(Task goal):
The answer is all of the entries below, repeated exactly and free of pictures.

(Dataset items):
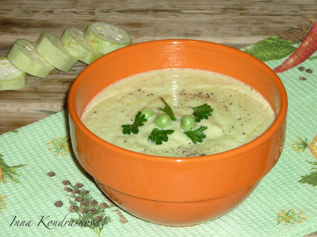 Суп-пюре из кабачков, приготовленный со сливками на курином бульоне, разлить по порционным тарелкам и сразу подать на стол, украсив зеленью или сухариками.
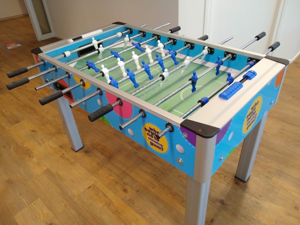 Deze Heemskerk voetbaltafel was uiteraard geheel in Mentos stijl gemaakt, compleet met een vrolijke print aan de buitenkant en blauwe en witte poppetjes.
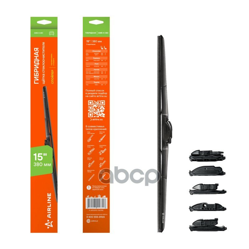 Щетка стеклоочистителя гибридная 380 мм (15), 8 адаптеров Airline AWBH380
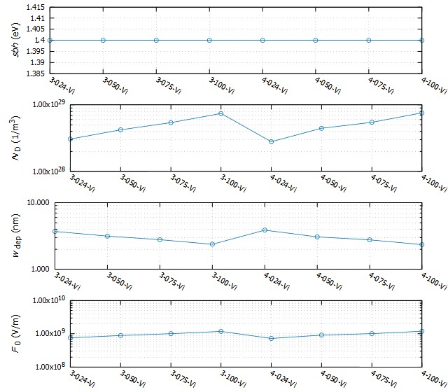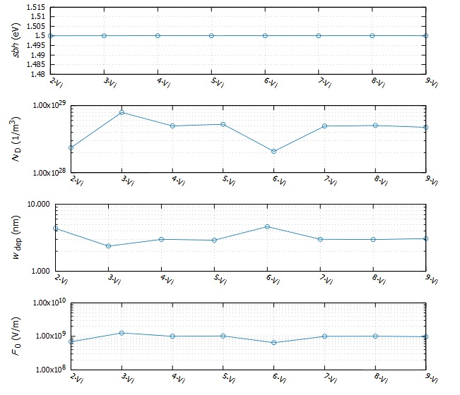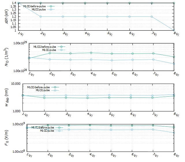 解析事例3はパルス電圧(50 V,10 msec)を印加した後とパルス電圧印加前のの界面物性を示します。ここで言えることは大半の試料においてショットキー障壁高さsbhが低下しています。そしてドナー濃度NDも小さくなっています。一方、試料1-Viは変化が見られませんでした。
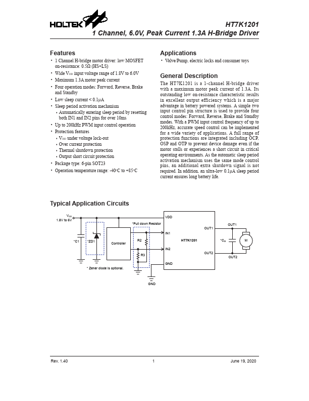 The HT7K1201 is a 1-channel H-bridge driver with a maximum motor peak current of 1.3A. Its outstanding low on-resistance characteristic results in excellent output efficiency which is a major advantage in battery powered systems. A simple two input control pin structure is used to provide four control modes:.
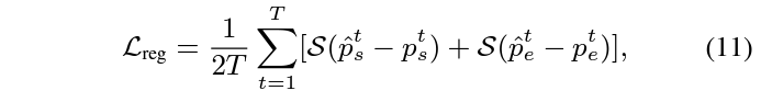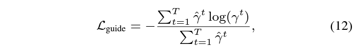 수식 11은 가지고 있는 GT 구간과의 CE Loss를 의미하고, 수식 12는 수식 10에서 뽑은 snippet-wise attention score를 guide 해주기 위한 loss로, 실제 GT 구간 내 포함되는지 여부에 따라 0 또는 1로 guide 됩니다.
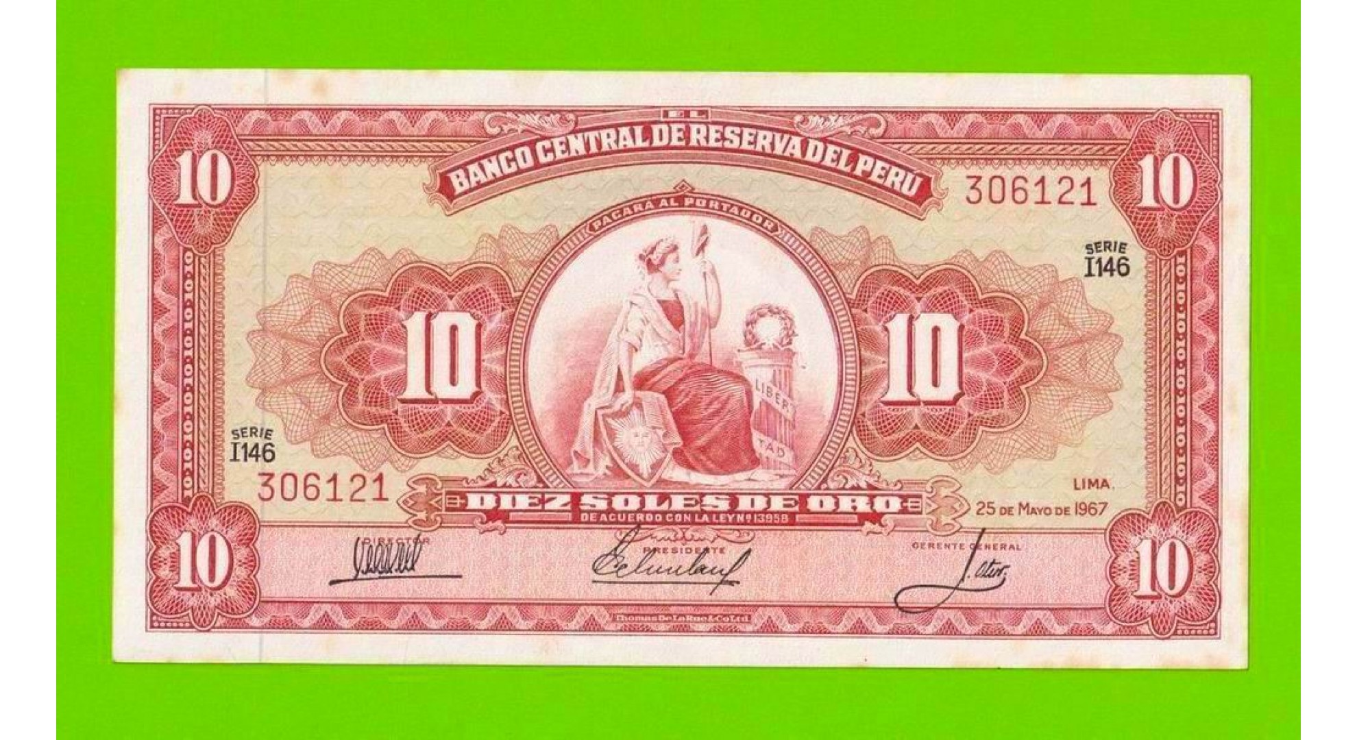 Перу - 10 соль де оро - 1967 - пятна - aUNC!!!
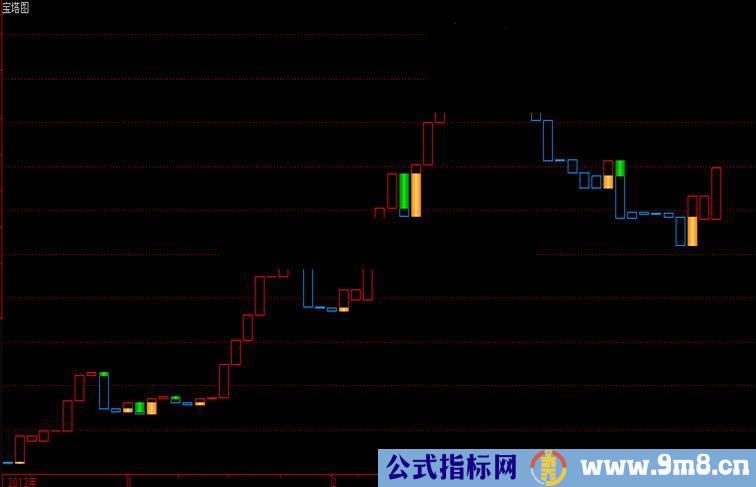 STICKLINE(VAR1A,REF(CLOSE,1),REF(CLOSE,2),3.0,0),COLOR008800;
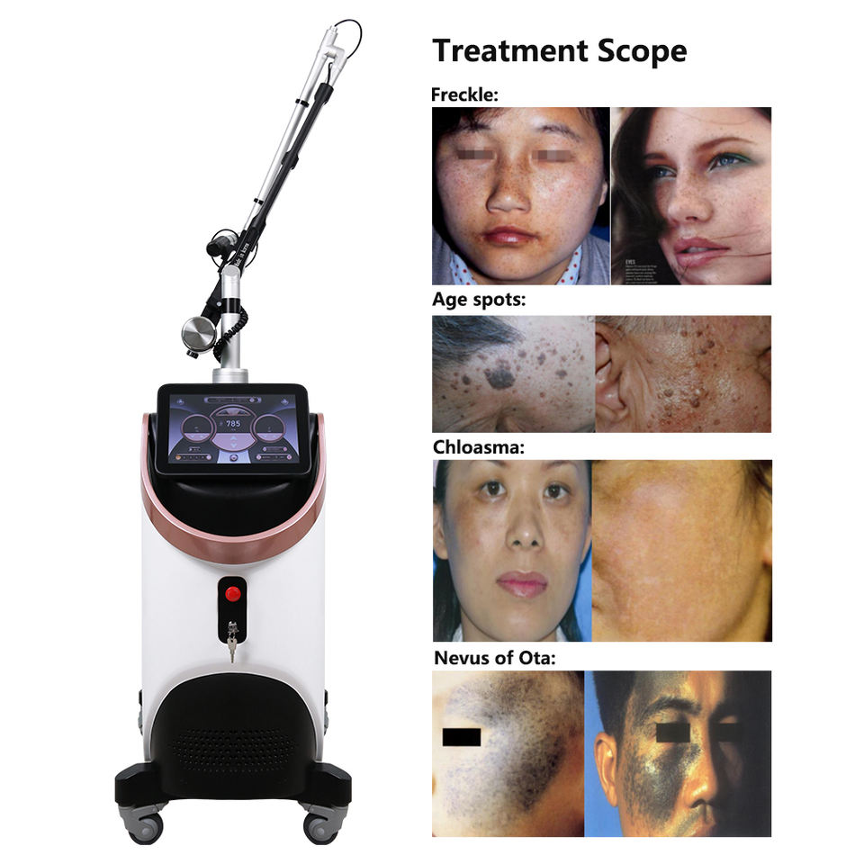 เครื่องเลเซอร์พิโกวินาทีแบบแนวตั้งกำลังสูง ขายดี 532nm/1064nm/785nm/1320nm เหมาะสำหรับร้านเสริมสวย/คลินิก

(Result of the exercise):
 Суп-пюре из кабачков, приготовленный со сливками на курином бульоне, разлить по порционным тарелкам и сразу подать на стол, украсив зеленью или сухариками.
 Deze Heemskerk voetbaltafel was uiteraard geheel in Mentos stijl gemaakt, compleet met een vrolijke print aan de buitenkant en blauwe en witte poppetjes.
 Щетка стеклоочистителя гибридная 380 мм (15), 8 адаптеров Airline AWBH380
 解析事例3はパルス電圧(50 V,10 msec)を印加した後とパルス電圧印加前のの界面物性を示します。ここで言えることは大半の試料においてショットキー障壁高さsbhが低下しています。そしてドナー濃度NDも小さくなっています。一方、試料1-Viは変化が見られませんでした。
 The HT7K1201 is a 1-channel H-bridge driver with a maximum motor peak current of 1.3A. Its outstanding low on-resistance characteristic results in excellent output efficiency which is a major advantage in battery powered systems. A simple two input control pin structure is used to provide four control modes:.
 수식 11은 가지고 있는 GT 구간과의 CE Loss를 의미하고, 수식 12는 수식 10에서 뽑은 snippet-wise attention score를 guide 해주기 위한 loss로, 실제 GT 구간 내 포함되는지 여부에 따라 0 또는 1로 guide 됩니다.
 Перу - 10 соль де оро - 1967 - пятна - aUNC!!!
 STICKLINE(VAR1A,REF(CLOSE,1),REF(CLOSE,2),3.0,0),COLOR008800;
 เครื่องเลเซอร์พิโกวินาทีแบบแนวตั้งกำลังสูง ขายดี 532nm/1064nm/785nm/1320nm เหมาะสำหรับร้านเสริมสวย/คลินิก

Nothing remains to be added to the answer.